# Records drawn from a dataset
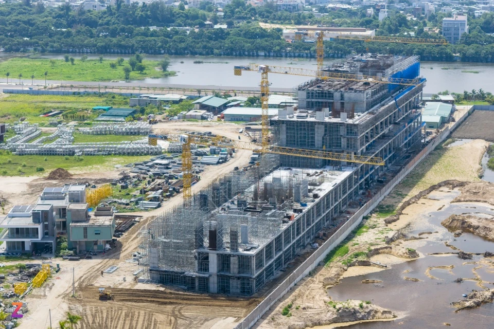 Đây là dự án đầu tiên của Sun Group tại TP.HCM mới. Chủ đầu tư đang đẩy nhanh tiến độ thi công với sự tham gia của hàng trăm máy móc và công nhân hoạt động liên tục trên công trường.
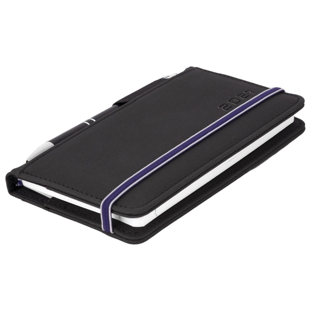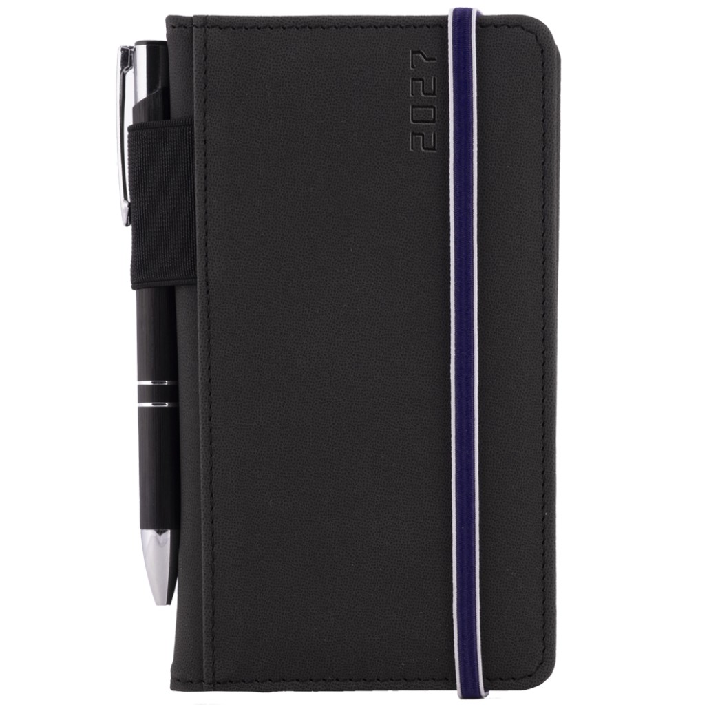 Diár AMOS týždenný vreckový 2027 polský - čierna/modrá gumička
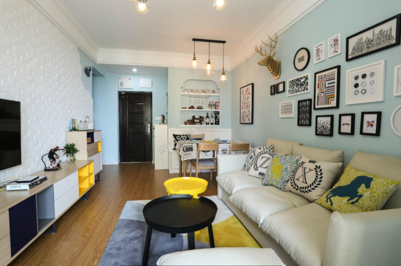 设计理念: 360°无死角的客厅,谁见谁爱。淡蓝色的墙,仿佛北欧的海风吹进了家里。 360°无死角的客厅,谁见谁爱。淡蓝色的墙,仿佛北欧的海风吹进了家里。
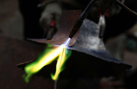景泰藍的制作的第一步,就是制胎。這是將不同規(guī)格型號的紫銅,根據(jù)設計圖的要求裁剪出不同形狀,或是扇形,或為圓形,再用鐵錘把它敲打成瓶、盤、碗、罐等各種形狀的銅胎。粗看那些已經(jīng)制作成型的銅胎,顏色樸素,其貌不揚,似以一種平和淡然的心態(tài),等待著即將到來的明麗璀璨。
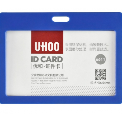 优和(UHOO) 6611 糖果色证件卡套 横式 蓝色 12个/盒 工作证 员工牌 胸卡
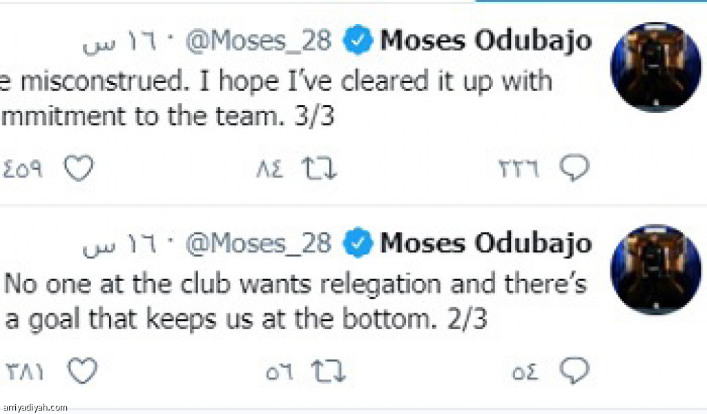 اعتذر الإنجليزي موسيس أودباجو، لاعب فريق شيفيلد يونايتد الإنجليزي، عبر حسابه على “تويتر” عن الفيديو الذي ظهر فيه يبتسم مع مواطنه لويس جرابان، لاعب نوتينجهام، بعد تسجيله هدفًا في شباكهم. وقال أودباجو: “قلت لجرابان هذا الهدف خطأ وضحكت عليه معتقدًا أن الحكم سيلغيه.. نحن في قاع الدوري، ولا توجد فرصة للاحتفال بهدف يبقينا في هذا المركز”.

# Instructions for the task
A word-for-word copy of the lines from the one with "景泰藍的制作的第一步,就是制" through the last line of the data above is required, with both end lines included and no pictures.

# Result below
景泰藍的制作的第一步,就是制胎。這是將不同規(guī)格型號的紫銅,根據(jù)設計圖的要求裁剪出不同形狀,或是扇形,或為圓形,再用鐵錘把它敲打成瓶、盤、碗、罐等各種形狀的銅胎。粗看那些已經(jīng)制作成型的銅胎,顏色樸素,其貌不揚,似以一種平和淡然的心態(tài),等待著即將到來的明麗璀璨。
 优和(UHOO) 6611 糖果色证件卡套 横式 蓝色 12个/盒 工作证 员工牌 胸卡
 اعتذر الإنجليزي موسيس أودباجو، لاعب فريق شيفيلد يونايتد الإنجليزي، عبر حسابه على “تويتر” عن الفيديو الذي ظهر فيه يبتسم مع مواطنه لويس جرابان، لاعب نوتينجهام، بعد تسجيله هدفًا في شباكهم. وقال أودباجو: “قلت لجرابان هذا الهدف خطأ وضحكت عليه معتقدًا أن الحكم سيلغيه.. نحن في قاع الدوري، ولا توجد فرصة للاحتفال بهدف يبقينا في هذا المركز”.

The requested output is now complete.